Neobanks such as Salt simplify how we manage our money, whether our finances or investments. Financial education and literacy are being promoted by revolutionary startups like Chime and Robinhood, which are building the future of financial tools and promoting financial education and literacy. More people will reduce their debt, understand the importance of budgeting and saving, and invest for the future if their financial literacy improves.
#4 The Decade of APIs, Voicebots, and Advanced Tech
API-led banking is extensively being used by the government and banking institutions to promote digitization in B2C and C2C dealings. To perform their functions digitally and seamlessly, banks need to integrate their services with a third-party app. APIs act as the connecting bridge between banks and these third parties to connect safely and augment each other’s offerings in real-time. An example of this can be the mobile wallets used to send and receive payment requests to banks during a transaction.
Technologies like AI/ML(Artificial Intelligence/ Machine Learning) are employed in complex financial activities like analytics, lending, and fraud detection. Fintech offerings, such as voice bots or voice assistants, interacting with customers using voice recognition technology based on AI and natural language processing will soon replace the existing chatbots in banks. Other technologies such as thumb impressions to validate payments, biometric authentication, Iris, face and voice recognition as passwords are already being used to strengthen banking processes in India.
Earlier, large corporations used to have an advantage when it came to utilizing the most recent technological and financial tools. In today’s world, this is no longer the case. Even a solopreneur can now use some of the tools that the big companies use, such as Square and Stripe for payment processing or Xero or QuickBooks for accounting. Innovative fintech products allow small businesses to expand their services while increasing efficiency and scale.

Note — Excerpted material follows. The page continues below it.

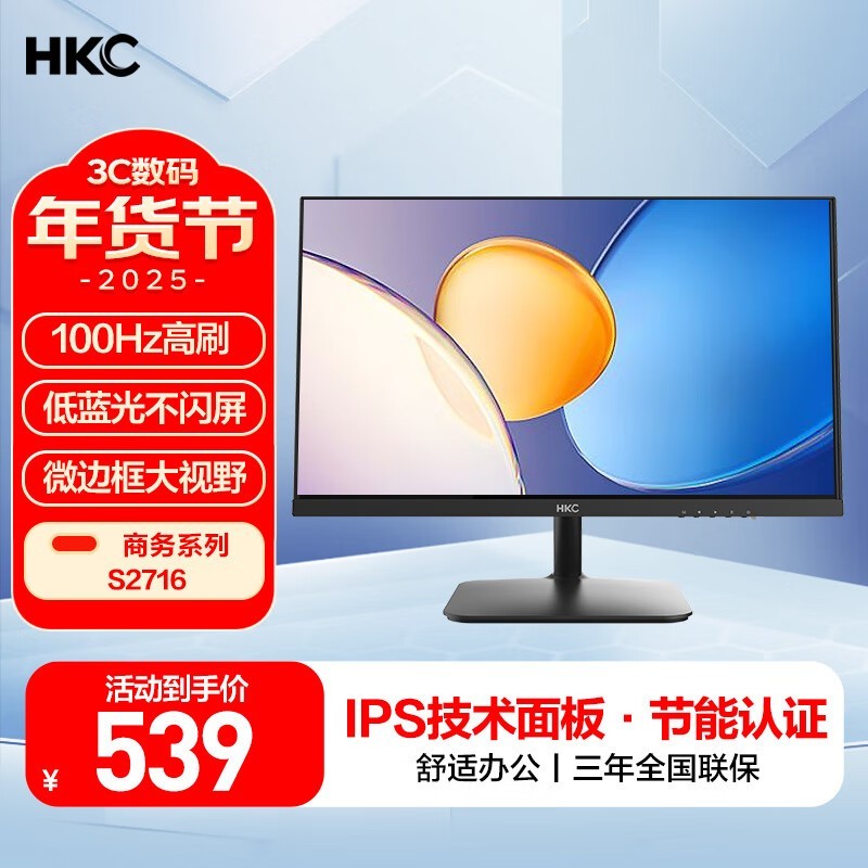 IPS显示器秒杀价458元!HKC惠科S2716 27英寸显示器促销仅458元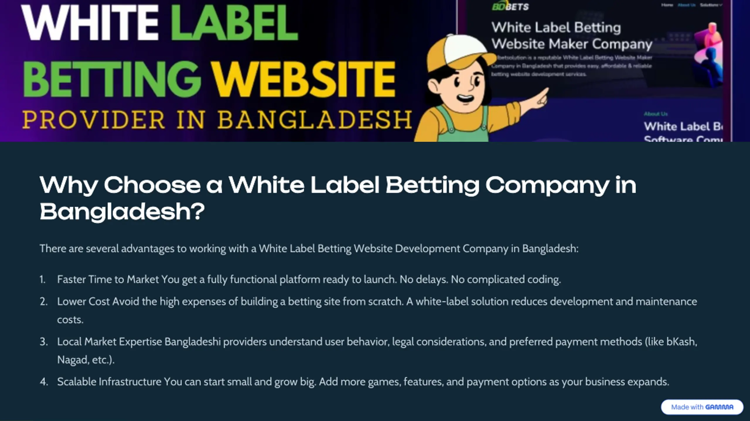 Why Choose a White Label Betting Company in Why Choose a White Label Betting Company in Bangladesh? Bangladesh? There are several advantages to working with a White Label Betting Website Development Company in Bangladesh: 1. Faster Time to Market You get a fully functional platform ready to launch. No delays. No complicated coding. 2. Lower Cost Avoid the high expenses of building a betting site from scratch. A white-label solution reduces development and maintenance costs. 3. Local Market Expertise Bangladeshi providers understand user behavior, legal considerations, and preferred payment methods (like bKash, Nagad, etc.). 4. Scalable Infrastructure You can start small and grow big. Add more games, features, and payment options as your business expands. preencoded.png

#5 Safe and Secure Transactions
Some people believe that when it comes to security, fintech services aren’t very trustworthy. This, however, is simply not the case. Traditional banks and financial institutions, on the other hand, may be more susceptible to security issues as a result of their slow adoption of new technology and cybersecurity measures. A single cyberattack can render the entire functioning of a bank useless given its centralized nature. However, this isn’t the case with fintech applications that prioritize the privacy of information and the security of transactions.
Fintech firms ensure that every transaction made on their platform, including all customer data and personal information, is secure. Many fintech organizations have introduced ground-breaking features that are better at protecting users than ever before. From instant spending alerts to location-based security, there’s something for everyone. Fintech firms do a decent job of keeping you and your information safe.
Fintechs, soon, will play a critical role in supporting long-term economic growth in terms of job creation, investment inflows, innovation, thought leaders, and laying the groundwork for digital talent. The sector has risen to become one of the most dynamic in the economy. Several fintech products will find mainstream adoption shortly, thanks to offerings backed by blockchain technology, artificial intelligence, machine learning, and data analytics. Given the current rate of innovation, a product that has yet to be released could become the foundation of certain banking services within the next ten years.